Central Group, owned by the Chirathivat family, on Tuesday said it will become the majority owner of Selfridges Group — which also includes retailers De Bijenkorf in the Netherlands, as well as Brown Thomas and Arnotts in Ireland — after it converted a loan into equity. Central and Signa bought the group for £4bn almost two years ago.

The outcome comes after the pair earlier this year replaced a €354mn loan from Julius Baer, the Swiss bank, with a short-term shareholder loan of €364mn at the end of August.

Signa declined to comment on what Central Group’s takeover means for Signa’s future, or the other retail businesses it co-owns with the Thai company. Signa is currently a minority shareholder and Central declined to comment on the size of its own stake.

Central Group said: “The move solidifies Central Group as an owner-operator of the largest European luxury department store group offering customers the best curation of brands, merchandise, and extraordinary experiences.”

Signa was founded by Austrian developer René Benko, 46, in 2000, and has grown to become one of central Europe’s most prominent property investors. Benko’s relationship with Central, which began when he sold a stake in his ownership of Berlin’s flagship luxury department store, KaDeWe to it in 2015, has been one of the most consequential for Signa of the past decade.

Together they also own Munich’s most prestigious department store, Oberpollinger, Hamburg’s premier venue the Alsterhaus, and the Swiss chain of luxury department stores, Globus. 
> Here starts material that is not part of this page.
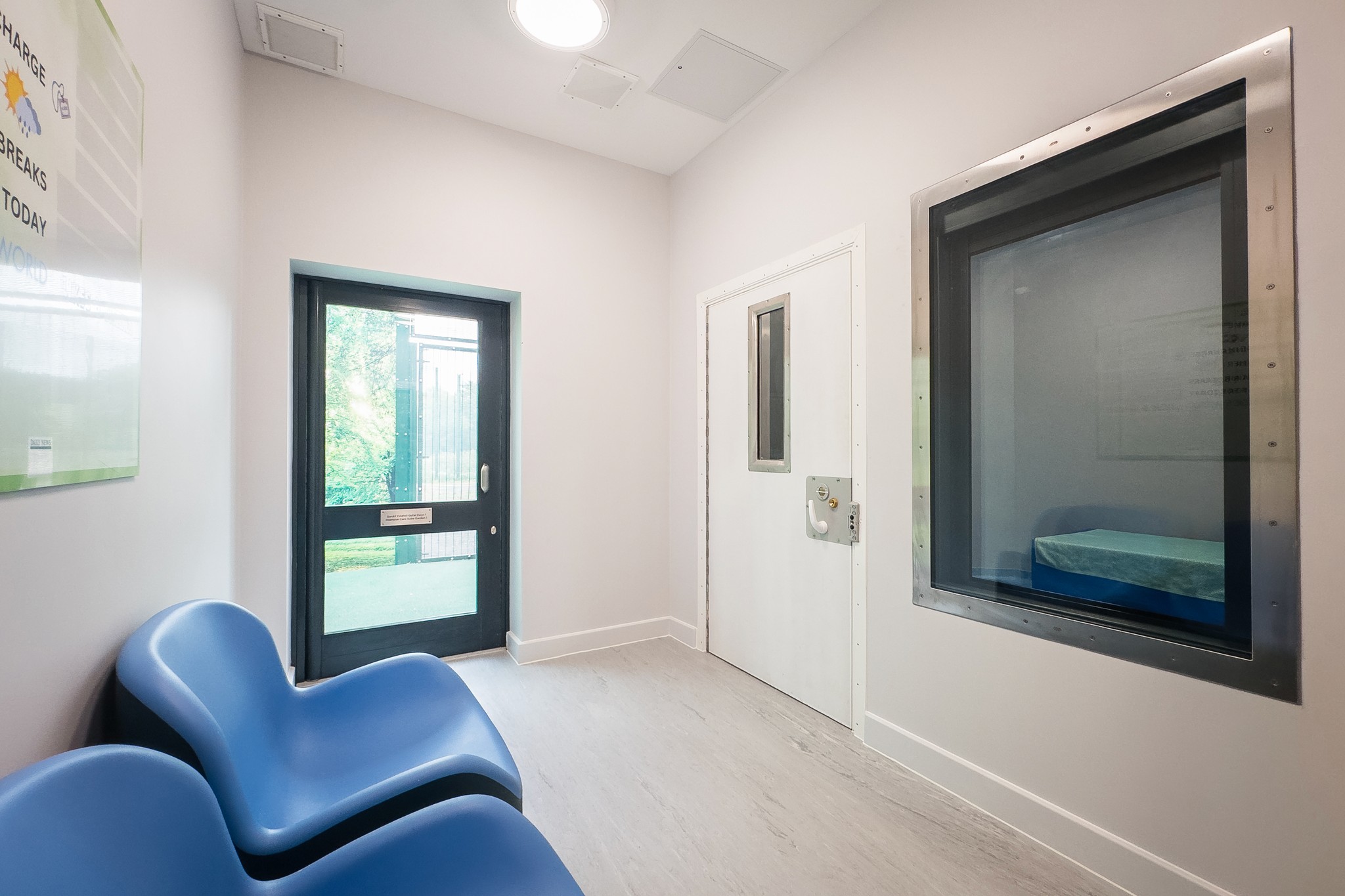 A secure outdoor space was formed to sit directly alongside the seclusion provision, enabling supervised external access as part of a therapeutic pathway. The external area was designed for safe, simple operation by staff, with durable finishes and controlled entry/exit arrangements to maintain security while supporting engagement and wellbeing.

The two are also in the throes of building what they hope will become Vienna’s new destination luxury store, Lamarr — named after the Austrian-born Hollywood actress, Hedy Lamarr.

Signa’s financial difficulties have cast doubt over the future of all the venues.
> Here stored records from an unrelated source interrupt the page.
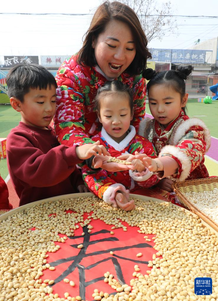 2月28日,山東省棗莊市實驗幼兒園(老城園)的小朋友們在品嘗糖豆。
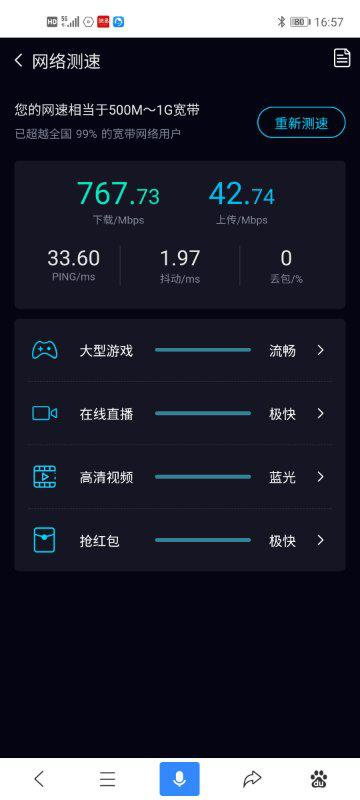 麒麟820性能强劲已经是属于正常范畴的事情,毕竟荣耀的性能技术一直都十分突出,所以荣耀给消费者加上了一个新惊喜,就是麒麟820的5G能力!麒麟820使用集成5G基带技术,有着更高的集成度,是目前5G芯片技术最高的工艺和最佳的选择,麒麟820将和麒麟990一样的5G Modem集成到芯片上,具备低能耗,更大内部空间等的优点,而且麒麟820支持NSA/SA 5G双模网络的所有5G频段,未来几年无论运营商在普及5G过程中如何进行网络升级,麒麟820给消费者带来的旗舰级5G体验也不会受到影响。笔者带大家通过SPEEDTEST软件感受了一下麒麟820 5G SoC的5G速度,甚至已经超出了运营商最高1Gbps的速度,这样的5G速度堪比“闪电侠”。
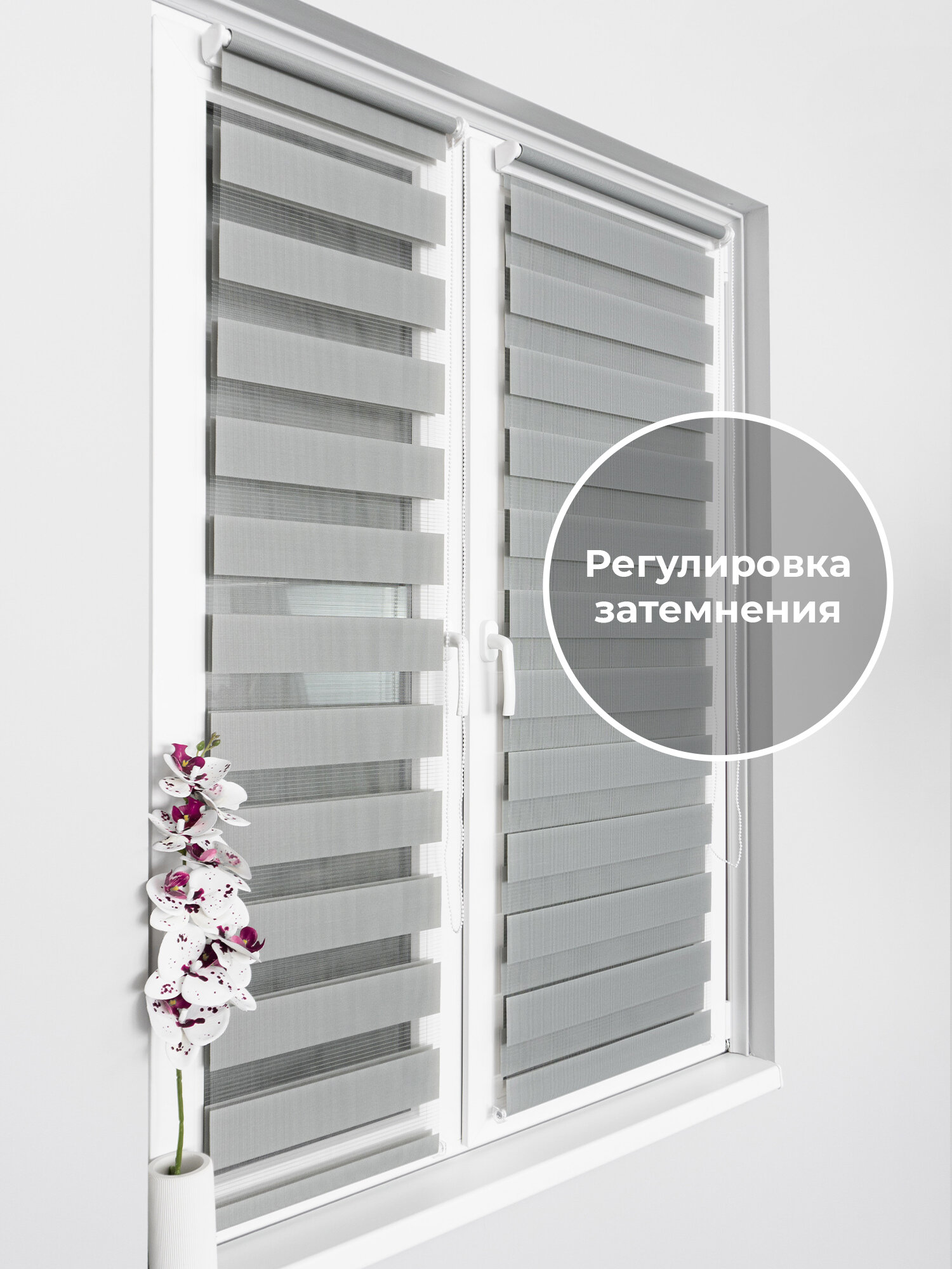 Рулонные шторы День-Ночь Серая 57х170 см, Светонепроницаемость 70 % ORNETTA
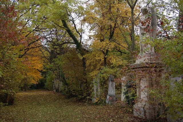 | Der ehemalige Park des Schloss Neugebäude ist heute der Urnenhain am Wiener Zentralfriedhof. |
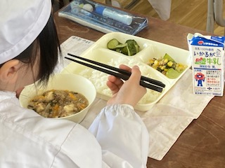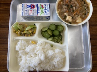 今日の給食のメニューは、麻婆豆腐、きゅうりの中華和え、ツナとチンゲンサイの炒め物、牛乳、ごはんでした。麻婆豆腐は生姜とにんにく、トウバンジャンで香りよく炒めた牛豚ひき肉がたっぷりと入っていて、味付けもちょうどよい辛さで子どもたちが食べやすい感じにととのえられていました。きゅうりの中華和えはごま油の風味がアクセントになっていておいしかったです。ツナとチンゲンサイの炒め物は彩りもきれいで春らしさを感じました。
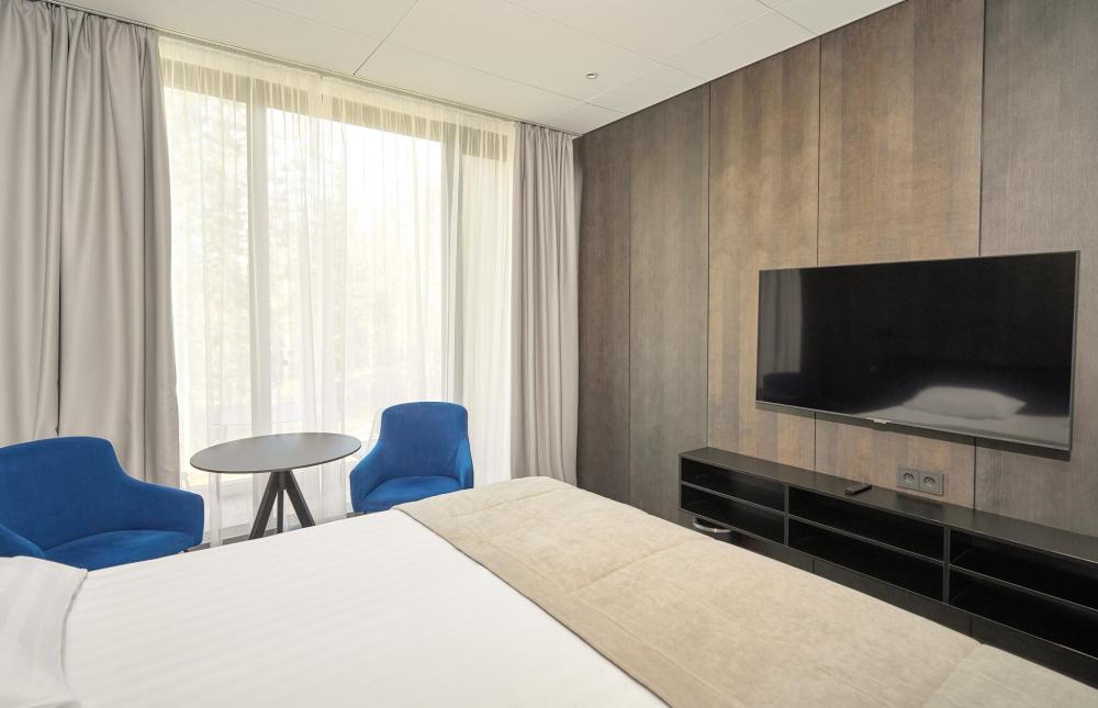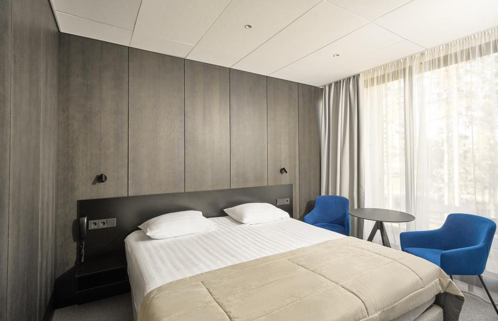 Классический однокомнатный номер с панорамными окнами, в котором есть всё необходимое для загородного отдыха. Возможно размещение с одной большой двуспальной кроватью или двумя односпальными кроватями. Номер площадью 20 кв. м с панорамными окнами и отдельным входом. Рассчитан на 1-2 человек и имеет полный набор бытовой техники (ЖК-телевизор*, кондиционер), сейф, платный мини-бар и душевую кабину. Бесплатный доступ к WI-FI. *ЖК-телевизор настроен на подключение к сети Wi-Fi «IGORA TV WIFI». Всего в отеле 64 номера «Стандарт».

For more than a year, Signa has struggled to raise urgently needed fresh capital, in order to finish projects and service its increasingly burdensome debt obligations.

Rising interest rates, falling commercial property values and a downturn in the luxury market have combined in a perfect storm for the sprawling Austrian property empire.

Its highly opaque, complicated ownership structure — controlled via a series of trusts by Benko until he agreed to relinquish his role as part of a restructuring last week — has added to market fears about the group’s financial safety.

An analysis by JPMorgan on Tuesday estimates Signa owes European banks and other entities — which include its own investors — more than €13bn.

The scale and complexity of lending to the group is such that the European Central Bank has singled it out for special attention, and required European banks to buffer against potential losses from it.